I have a furminator brush that works really well but a lot of people say that it has ruined their cats coat and that it cuts hair. My cats been shedding a lot from just petting her and i don't want to use the furminator everyday. Since the zoom groom is rubber is it just grabbing the loose hairs? No ripping or any sort.


----------



## ashlee18 (May 21, 2014)

I have the zoom groom for my dogs and it works really well. However, it doesn't work on my cat at all. The dogs have really short hair and I think that makes the difference.


----------



## 10cats2dogs (Jun 16, 2013)

Misterious,
I use a metal comb to "brush" my long haired cats, it has finer teeth on half of it, and wider spaced teeth on the other half.
I find it's also good for working mats out that aren't fully knotted yet!
I don't like the fuminator for the reason you stated, the very sharp teeth on it can also put cats off of grooming, if it's used with to much 'zeal'.
Sharon


----------



## Misterious (Nov 19, 2014)

I guess my questions more with the zoom groom is should i use it until theres no more hair coming off since the zoom groom is removing loose hair? When i brush her for a bit removing a bunch of hair and i go back later to brush her again theres still a lot of hair coming out.


----------



## TabbCatt (Mar 26, 2014)

I personally am not a fan of it on my two DSH. Their instructions say to use it in a circular motion, so it seems more of a massage therapy type thing. Though my cats are more tolerant of that than the furminator, all it does is produce a lot of hairs that also get loose and up in the air...and that makes me a bit sneezy and get the awful eye/nose itch.

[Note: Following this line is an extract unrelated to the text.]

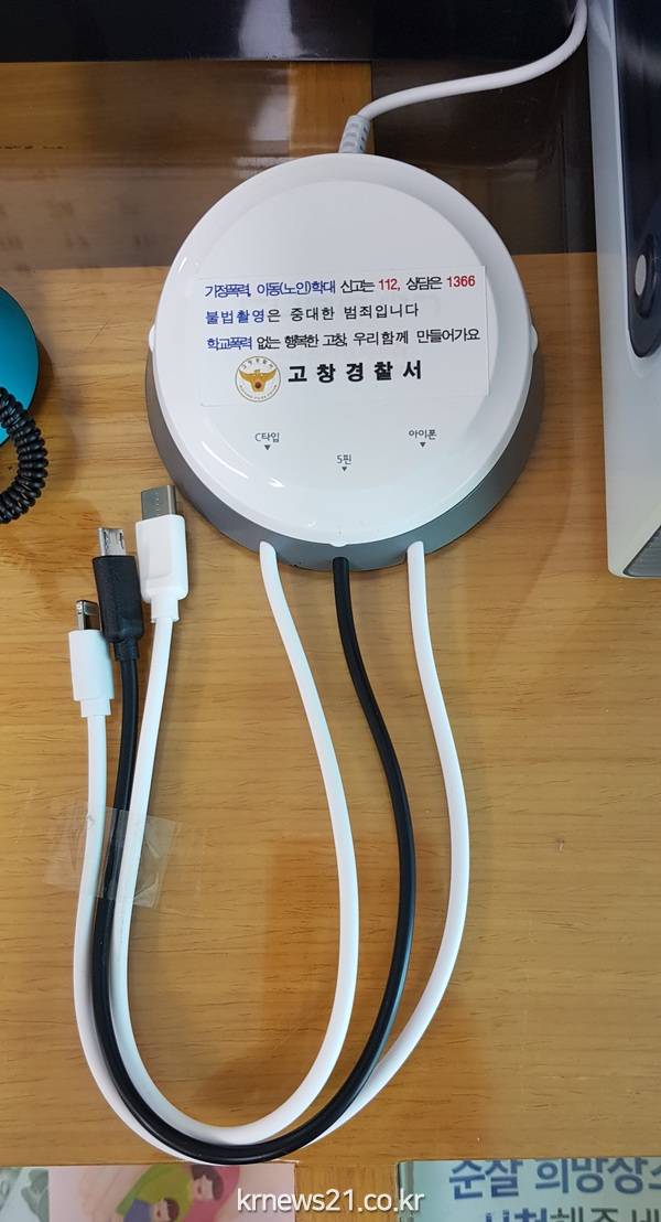 (전북/뉴스21)김문기기자=고창경찰서(서장 김성재)는 18일 민원 부서를 방문한 고객을 대상으로 민원인의 편의성을 높이기 위한 스마트폰 무료 충전기를 설치해 호평을 받고 있다.

That's my personal view on it, but I do know some people prefer the ZoomGroom over other brushes/combs. Perhaps it depends on the kitty and user itself though. I've only used the slicker brush, the ZoomGroom, and Furminator to compare it to.


----------



## Wry_Martini (Nov 9, 2011)

My Balinese HATES bring brushed, but for some reason she tolerates and almost even likes the zoom groom. It's a lifesaver in my house.


----------



## Smaughunter (Feb 14, 2014)

My two aren't really shedding much yet but I purchased a zoom groom and use it on them occasionally. I can't speak to its effectiveness yet but they both seem to enjoy it.


----------



## Nuliajuk (Oct 25, 2014)

I have a Zoom Groom, but it seems to get more hair on me than is collected between the "bristles". My shorthaired pair really love a soft bristle brush that I bought in the baby aisle of a drugstore. When I had a long-haired pair years ago they most loved a boar bristle brush that a relative had given me for my birthday years earlier (it wrecked my fine textured hair and was nearly thrown away).
When we had a rabbit for 8 years (short hair) she absolutely loved the Zoom Groom. Unfortunately, what she loved most about it was chewing the bristles off!


----------



## Sparky (Apr 11, 2008)

We have the zoomgroom and the furminator and they both work great. We only use the furminator once and a while and the zoomgroom 3-4 times a week. Duchess loves 'em both. Both work great on our Lab when he is "blowing his coat"


----------



## Doodler (Feb 27, 2013)

I love the zoom groom, but more for my dogs than the cats. It doesn't seem to be very effective for the cats. I have a small soft bristled slicker brush that I feel does a better job for the cats.


----------



## CatMom13 (Mar 2, 2015)

I bought one of those circular brushes for my cat. It worked on my old cat, but on my new baby, didnt seem to get but a few hairs off. I used the zoom groom on my new cat (I use it in a stroking motion, not circular as directed), and it seems to do a pretty good job. I think I'll keep trying new brushes, though.


----------



## ThreeCatzGirl (Jan 16, 2009)

I don't like the zoom groom for my cats. I could use that on my horse when they shed there winter fuzz 

I use a small slicker brush on my cats. they loved to be brushed with it.


----------



## ezmeray (Nov 8, 2012)

Well, my Gypsy will not tolerate any sort of brush/comb/hybrid/etc--as the very sad end table drawer full of cast-offs can prove. 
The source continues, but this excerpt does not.